### [Work instructions]
Excluding pictures, what does the listing below contain from the line with "Wychowawcy laureatów kolejno" up to and including the line with "此次活动,园区主要推介拥有自", word for word?

### [Data supplied]

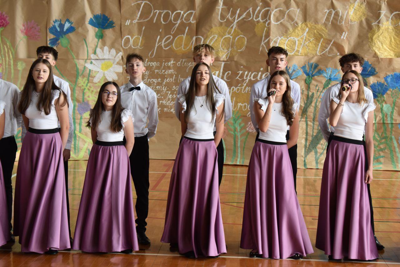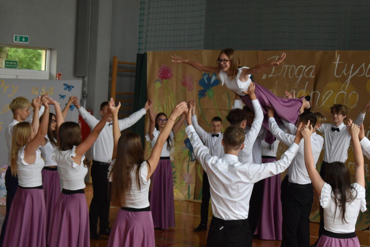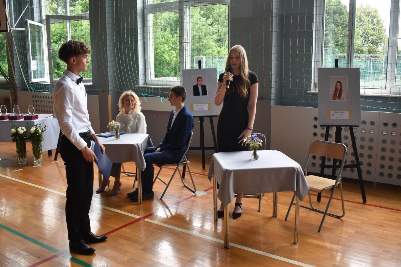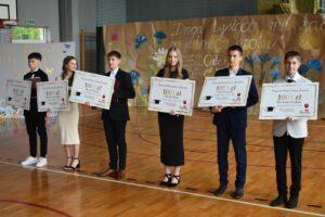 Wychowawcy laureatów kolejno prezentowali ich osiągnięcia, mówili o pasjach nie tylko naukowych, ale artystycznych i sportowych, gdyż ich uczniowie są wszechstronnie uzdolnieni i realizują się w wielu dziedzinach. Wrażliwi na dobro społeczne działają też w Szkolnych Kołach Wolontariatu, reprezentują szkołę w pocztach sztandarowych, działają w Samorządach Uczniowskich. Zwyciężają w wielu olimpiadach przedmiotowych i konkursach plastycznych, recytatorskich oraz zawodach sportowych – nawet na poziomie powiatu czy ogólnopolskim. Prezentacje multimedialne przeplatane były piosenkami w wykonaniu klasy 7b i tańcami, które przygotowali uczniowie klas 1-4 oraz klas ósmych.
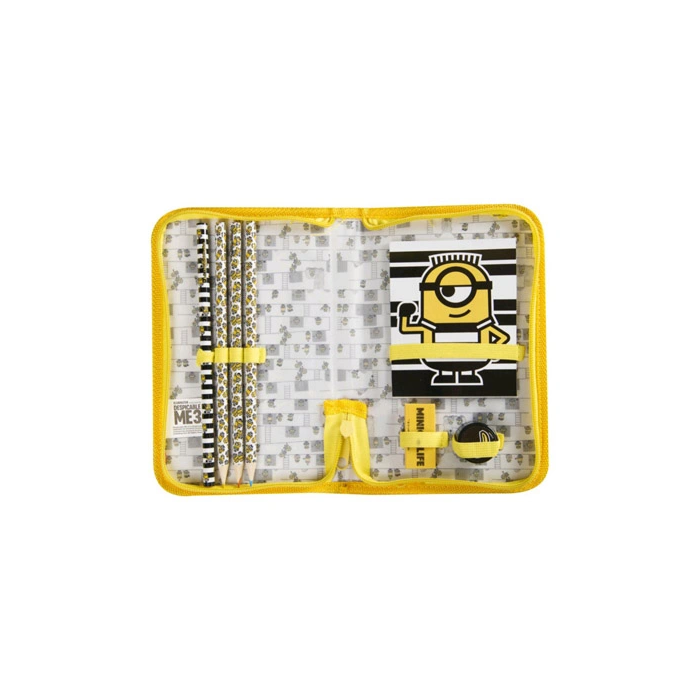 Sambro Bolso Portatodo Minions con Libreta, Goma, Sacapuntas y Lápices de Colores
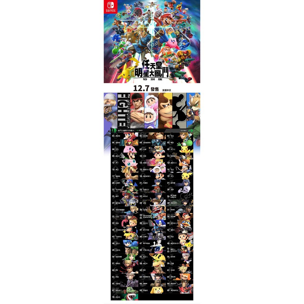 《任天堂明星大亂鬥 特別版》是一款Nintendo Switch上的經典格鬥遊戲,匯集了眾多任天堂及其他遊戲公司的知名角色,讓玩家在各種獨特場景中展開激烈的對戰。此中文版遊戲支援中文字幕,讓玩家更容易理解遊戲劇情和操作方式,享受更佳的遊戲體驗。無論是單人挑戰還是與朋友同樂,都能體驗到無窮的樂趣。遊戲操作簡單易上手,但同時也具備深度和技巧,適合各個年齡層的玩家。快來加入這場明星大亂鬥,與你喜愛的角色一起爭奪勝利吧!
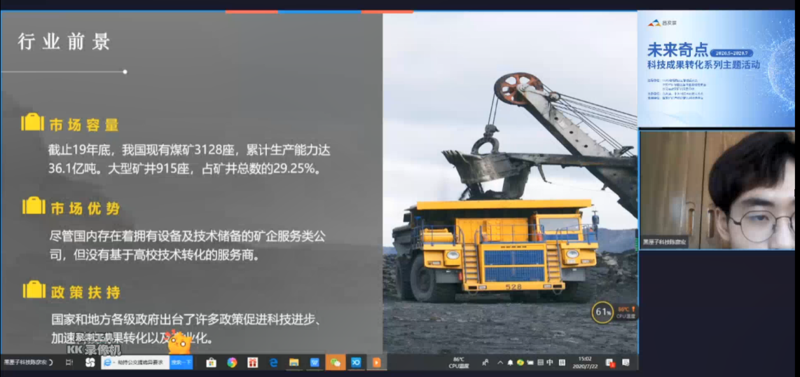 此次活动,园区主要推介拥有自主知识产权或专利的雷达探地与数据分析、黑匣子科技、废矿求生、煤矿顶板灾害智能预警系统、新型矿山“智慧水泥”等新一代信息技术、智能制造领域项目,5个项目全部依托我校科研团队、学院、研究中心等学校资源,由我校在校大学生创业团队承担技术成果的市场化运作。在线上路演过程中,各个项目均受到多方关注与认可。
* * *
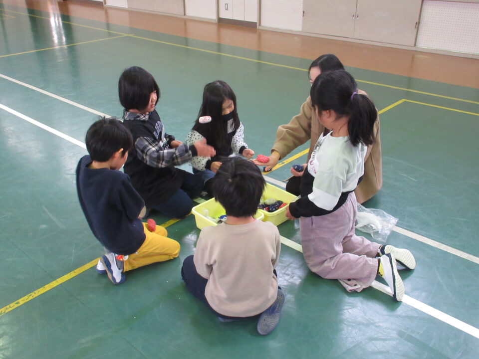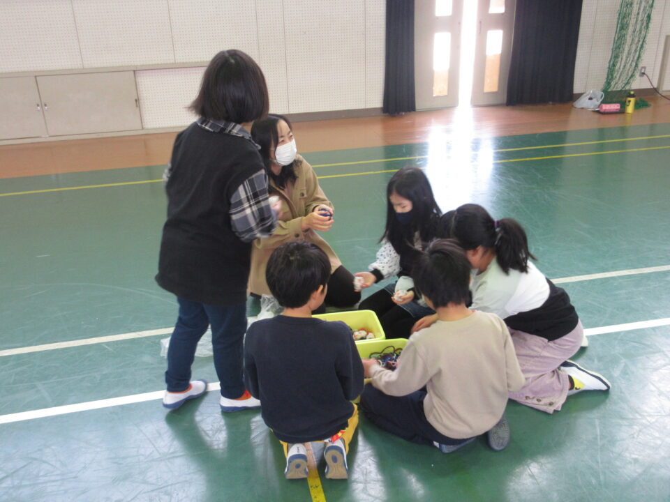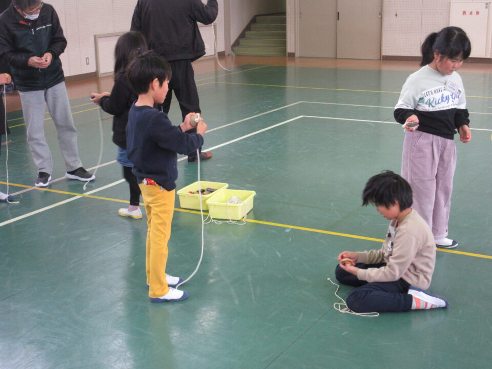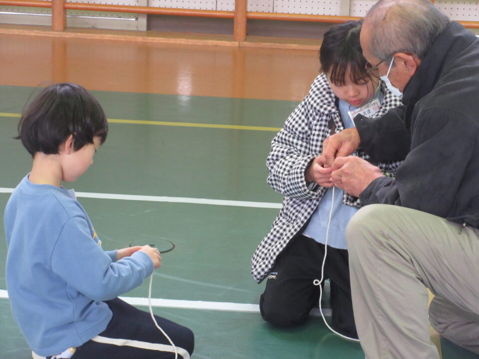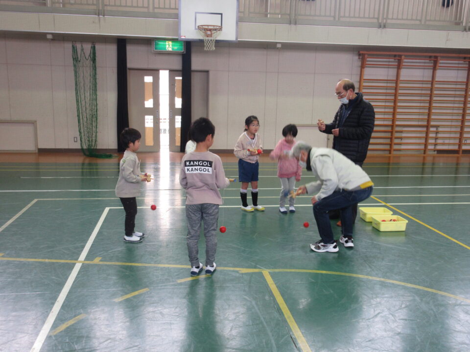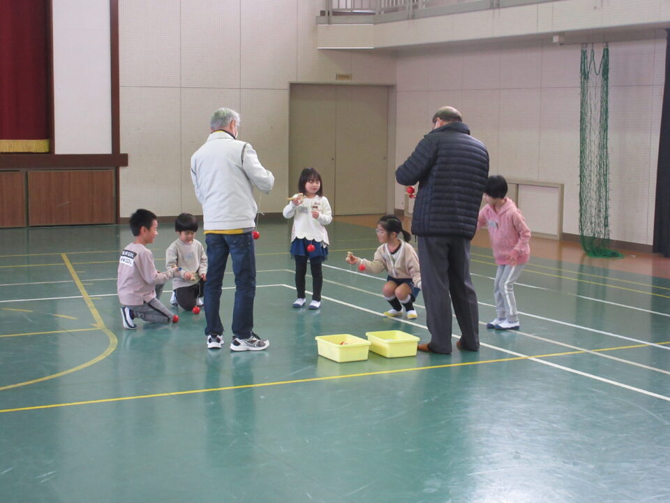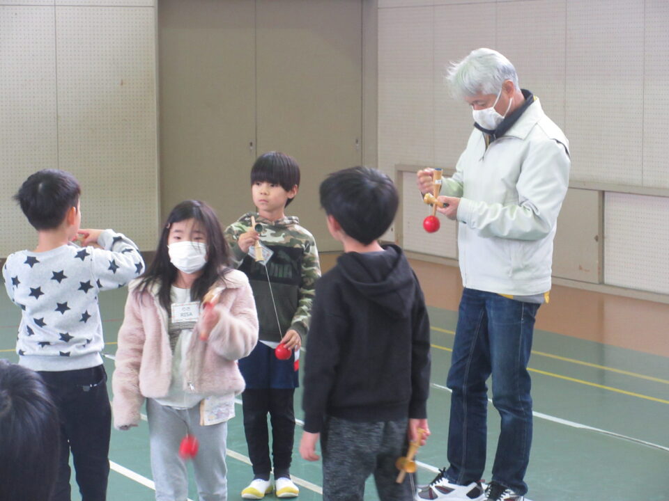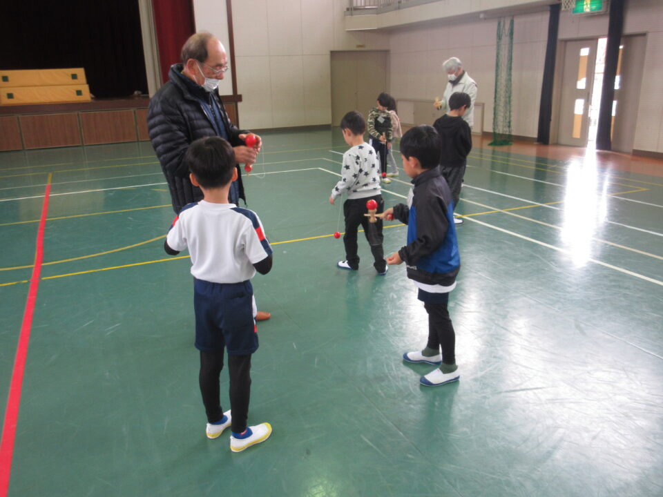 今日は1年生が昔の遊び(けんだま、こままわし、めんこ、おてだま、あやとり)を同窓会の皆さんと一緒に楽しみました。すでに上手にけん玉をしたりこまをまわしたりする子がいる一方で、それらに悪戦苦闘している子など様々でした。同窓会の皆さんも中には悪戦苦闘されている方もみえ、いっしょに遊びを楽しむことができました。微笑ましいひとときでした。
---
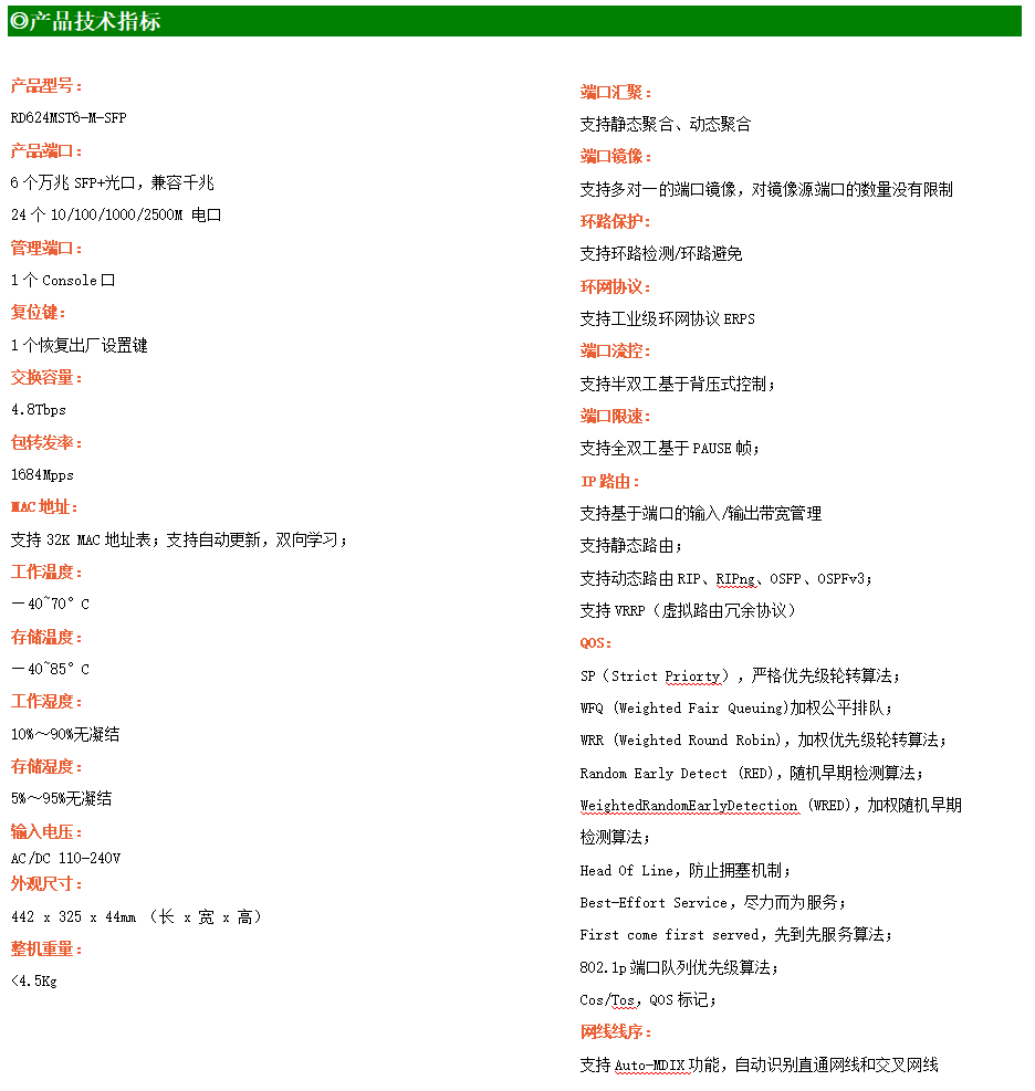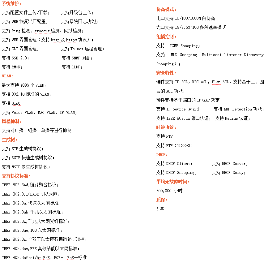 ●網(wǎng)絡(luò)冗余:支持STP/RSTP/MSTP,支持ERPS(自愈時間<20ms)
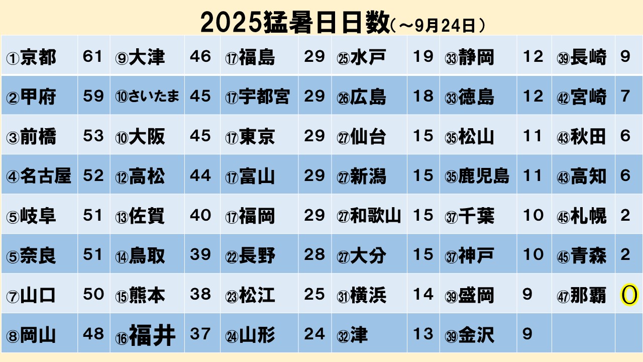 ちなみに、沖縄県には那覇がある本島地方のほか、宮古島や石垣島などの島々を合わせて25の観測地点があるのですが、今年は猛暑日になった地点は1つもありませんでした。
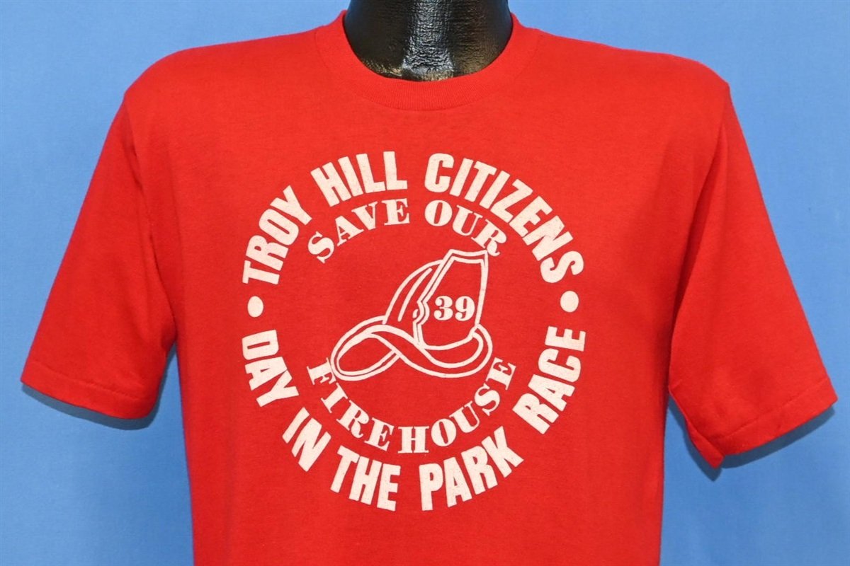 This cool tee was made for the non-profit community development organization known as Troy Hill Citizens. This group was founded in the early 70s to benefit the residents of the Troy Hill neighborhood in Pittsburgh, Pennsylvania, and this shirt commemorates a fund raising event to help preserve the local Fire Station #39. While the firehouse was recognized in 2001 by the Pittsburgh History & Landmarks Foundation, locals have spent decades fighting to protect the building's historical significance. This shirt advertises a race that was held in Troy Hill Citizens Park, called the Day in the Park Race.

### [Solved exercise]
 Wychowawcy laureatów kolejno prezentowali ich osiągnięcia, mówili o pasjach nie tylko naukowych, ale artystycznych i sportowych, gdyż ich uczniowie są wszechstronnie uzdolnieni i realizują się w wielu dziedzinach. Wrażliwi na dobro społeczne działają też w Szkolnych Kołach Wolontariatu, reprezentują szkołę w pocztach sztandarowych, działają w Samorządach Uczniowskich. Zwyciężają w wielu olimpiadach przedmiotowych i konkursach plastycznych, recytatorskich oraz zawodach sportowych – nawet na poziomie powiatu czy ogólnopolskim. Prezentacje multimedialne przeplatane były piosenkami w wykonaniu klasy 7b i tańcami, które przygotowali uczniowie klas 1-4 oraz klas ósmych.
 Sambro Bolso Portatodo Minions con Libreta, Goma, Sacapuntas y Lápices de Colores
 《任天堂明星大亂鬥 特別版》是一款Nintendo Switch上的經典格鬥遊戲,匯集了眾多任天堂及其他遊戲公司的知名角色,讓玩家在各種獨特場景中展開激烈的對戰。此中文版遊戲支援中文字幕,讓玩家更容易理解遊戲劇情和操作方式,享受更佳的遊戲體驗。無論是單人挑戰還是與朋友同樂,都能體驗到無窮的樂趣。遊戲操作簡單易上手,但同時也具備深度和技巧,適合各個年齡層的玩家。快來加入這場明星大亂鬥,與你喜愛的角色一起爭奪勝利吧!
 此次活动,园区主要推介拥有自主知识产权或专利的雷达探地与数据分析、黑匣子科技、废矿求生、煤矿顶板灾害智能预警系统、新型矿山“智慧水泥”等新一代信息技术、智能制造领域项目,5个项目全部依托我校科研团队、学院、研究中心等学校资源,由我校在校大学生创业团队承担技术成果的市场化运作。在线上路演过程中,各个项目均受到多方关注与认可。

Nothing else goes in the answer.